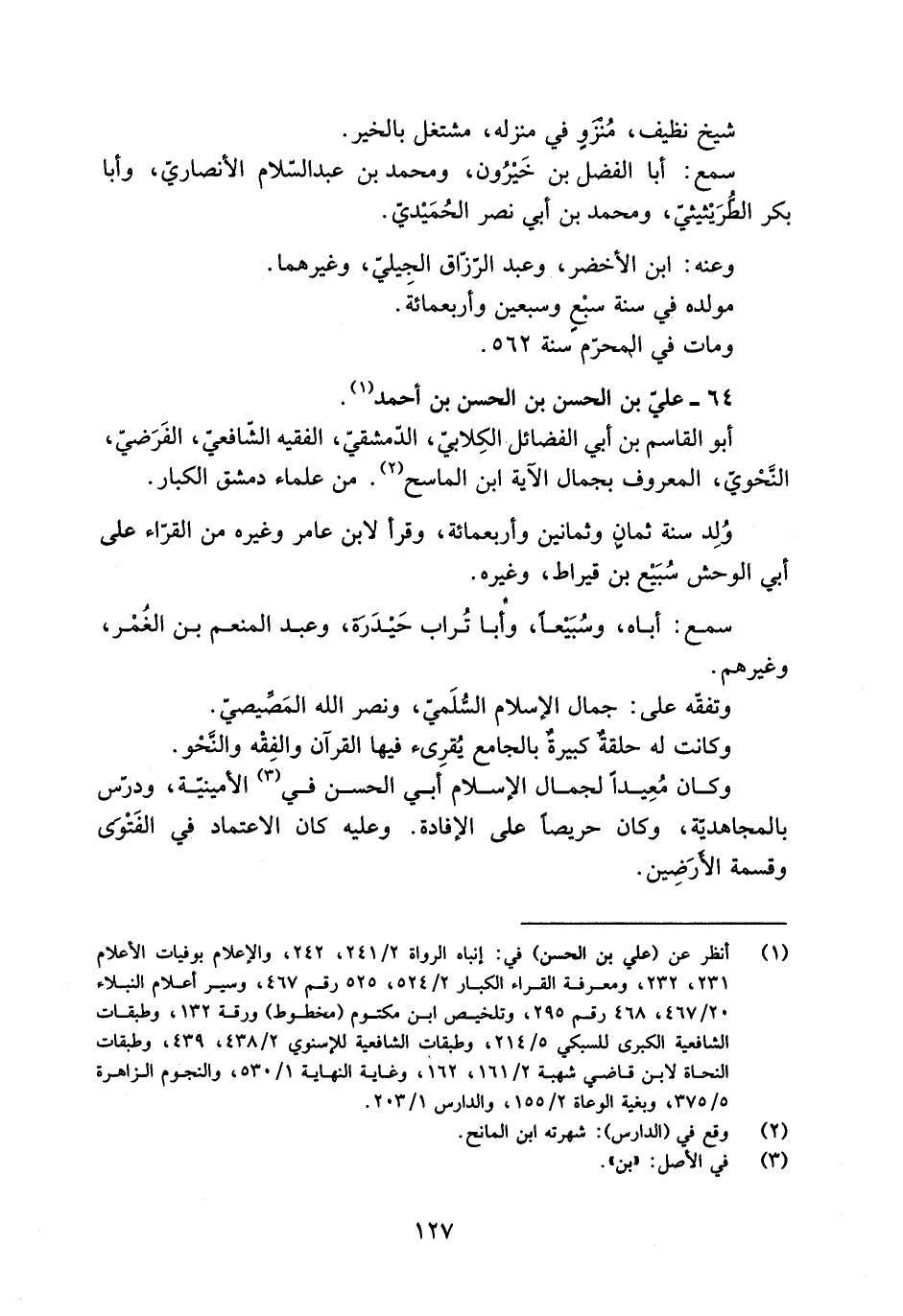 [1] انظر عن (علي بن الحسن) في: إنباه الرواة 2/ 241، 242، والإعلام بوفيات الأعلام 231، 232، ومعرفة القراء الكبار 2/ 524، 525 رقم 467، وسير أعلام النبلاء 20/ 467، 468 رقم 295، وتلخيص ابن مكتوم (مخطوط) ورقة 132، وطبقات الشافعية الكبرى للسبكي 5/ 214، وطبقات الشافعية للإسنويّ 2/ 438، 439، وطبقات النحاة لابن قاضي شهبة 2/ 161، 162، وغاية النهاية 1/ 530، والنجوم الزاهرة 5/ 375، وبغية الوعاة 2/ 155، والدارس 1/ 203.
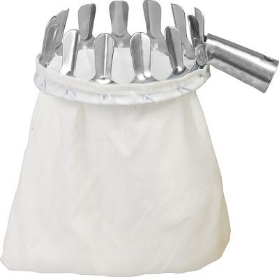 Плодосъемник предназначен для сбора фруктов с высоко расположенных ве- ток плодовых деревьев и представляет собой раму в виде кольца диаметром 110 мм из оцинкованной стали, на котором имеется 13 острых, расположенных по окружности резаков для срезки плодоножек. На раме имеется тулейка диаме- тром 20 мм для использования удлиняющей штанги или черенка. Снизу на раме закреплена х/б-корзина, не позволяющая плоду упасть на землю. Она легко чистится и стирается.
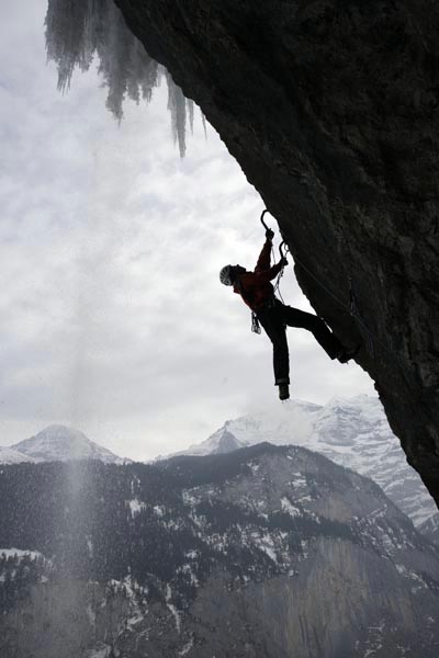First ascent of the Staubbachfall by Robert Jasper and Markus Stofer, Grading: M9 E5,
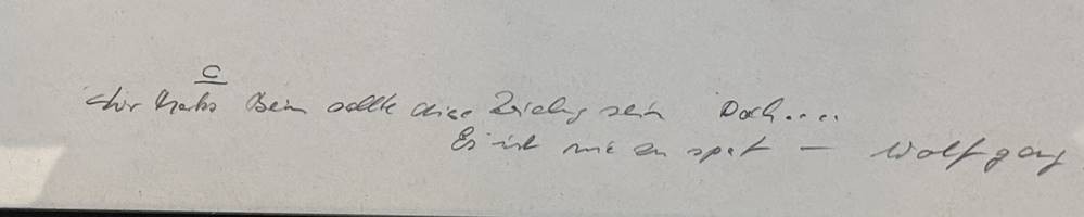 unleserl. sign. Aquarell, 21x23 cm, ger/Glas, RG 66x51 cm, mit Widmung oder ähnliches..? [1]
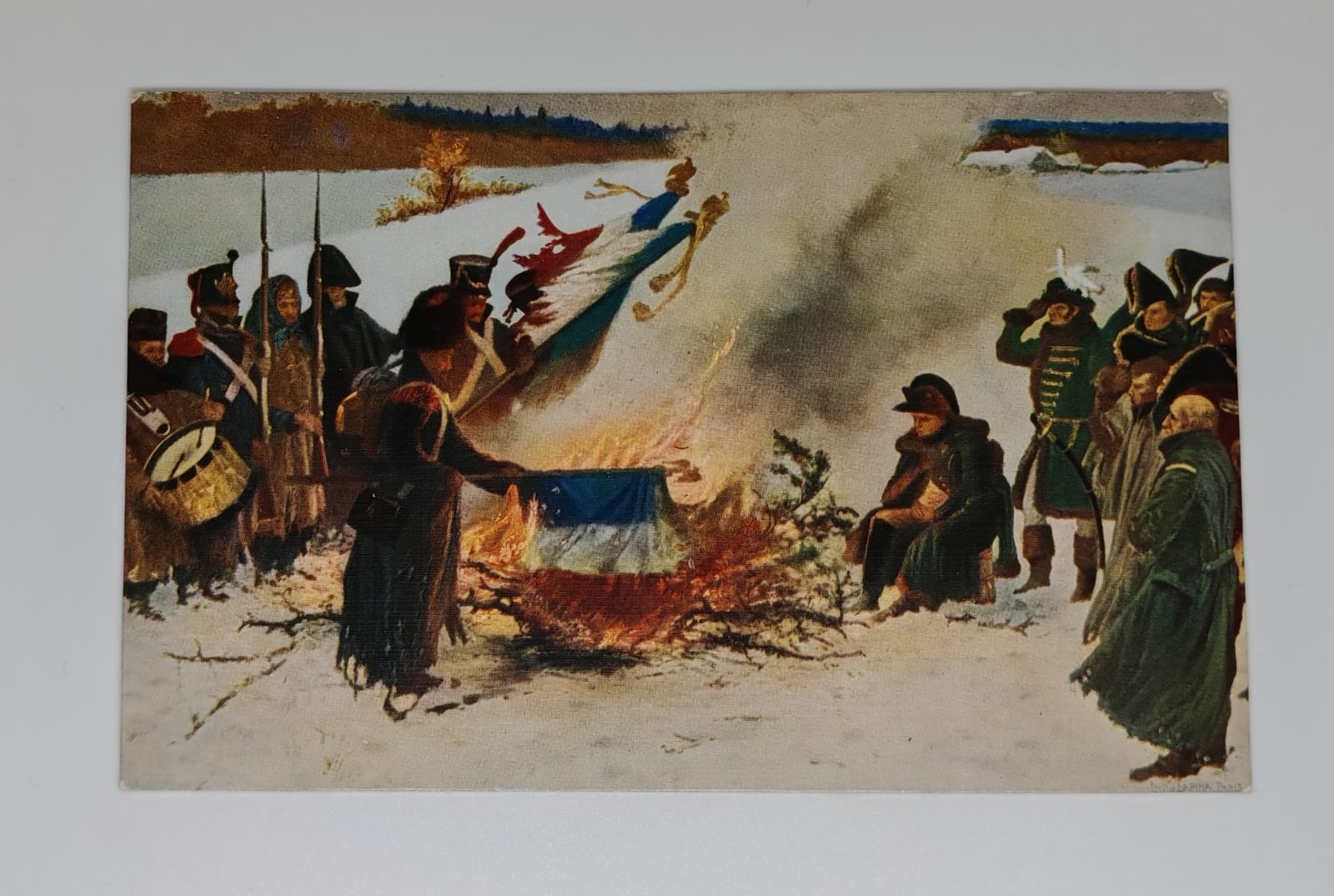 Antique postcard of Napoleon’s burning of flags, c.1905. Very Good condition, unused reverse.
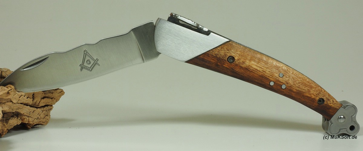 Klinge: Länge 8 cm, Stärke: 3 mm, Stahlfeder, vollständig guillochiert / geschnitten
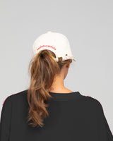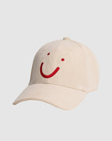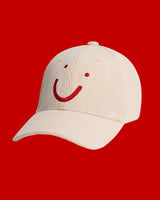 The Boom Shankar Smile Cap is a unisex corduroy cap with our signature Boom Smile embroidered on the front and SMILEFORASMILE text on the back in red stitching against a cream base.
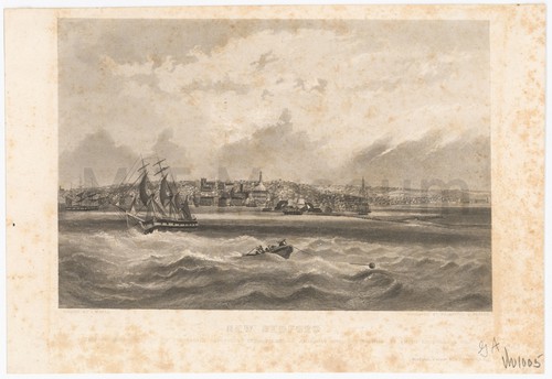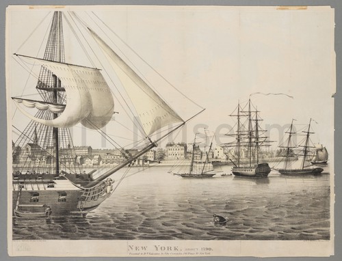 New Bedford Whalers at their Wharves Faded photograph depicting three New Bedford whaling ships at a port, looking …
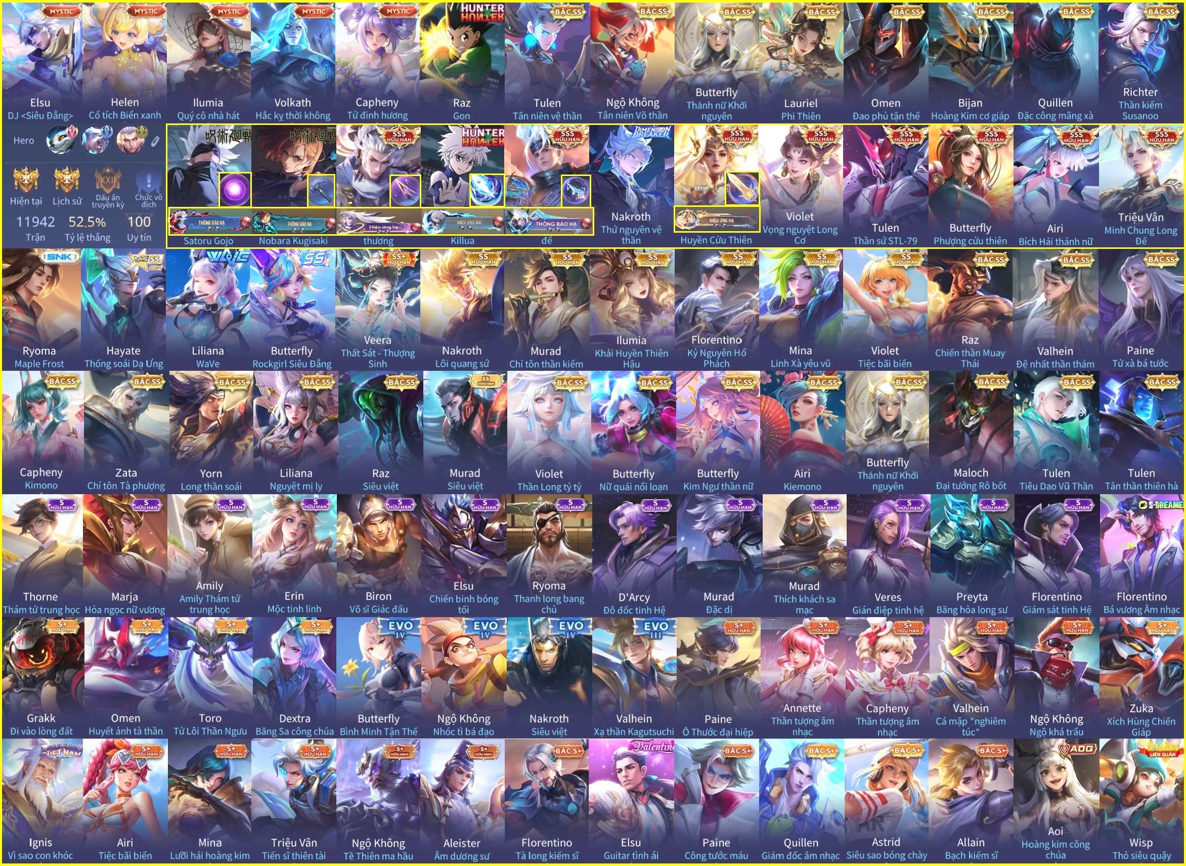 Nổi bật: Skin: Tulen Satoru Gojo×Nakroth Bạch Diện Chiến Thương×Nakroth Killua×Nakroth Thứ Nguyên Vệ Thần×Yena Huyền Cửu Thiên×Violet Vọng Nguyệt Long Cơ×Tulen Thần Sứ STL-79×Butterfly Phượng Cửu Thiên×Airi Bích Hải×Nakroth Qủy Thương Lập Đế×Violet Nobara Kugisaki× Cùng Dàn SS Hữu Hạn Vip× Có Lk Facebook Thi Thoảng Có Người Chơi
########
Leaving out each picture, repeat exactly the lines above from the one that contains "Плодосъемник предназначен для" through the one that contains "First ascent of".

 Плодосъемник предназначен для сбора фруктов с высоко расположенных ве- ток плодовых деревьев и представляет собой раму в виде кольца диаметром 110 мм из оцинкованной стали, на котором имеется 13 острых, расположенных по окружности резаков для срезки плодоножек. На раме имеется тулейка диаме- тром 20 мм для использования удлиняющей штанги или черенка. Снизу на раме закреплена х/б-корзина, не позволяющая плоду упасть на землю. Она легко чистится и стирается.
First ascent of the Staubbachfall by Robert Jasper and Markus Stofer, Grading: M9 E5,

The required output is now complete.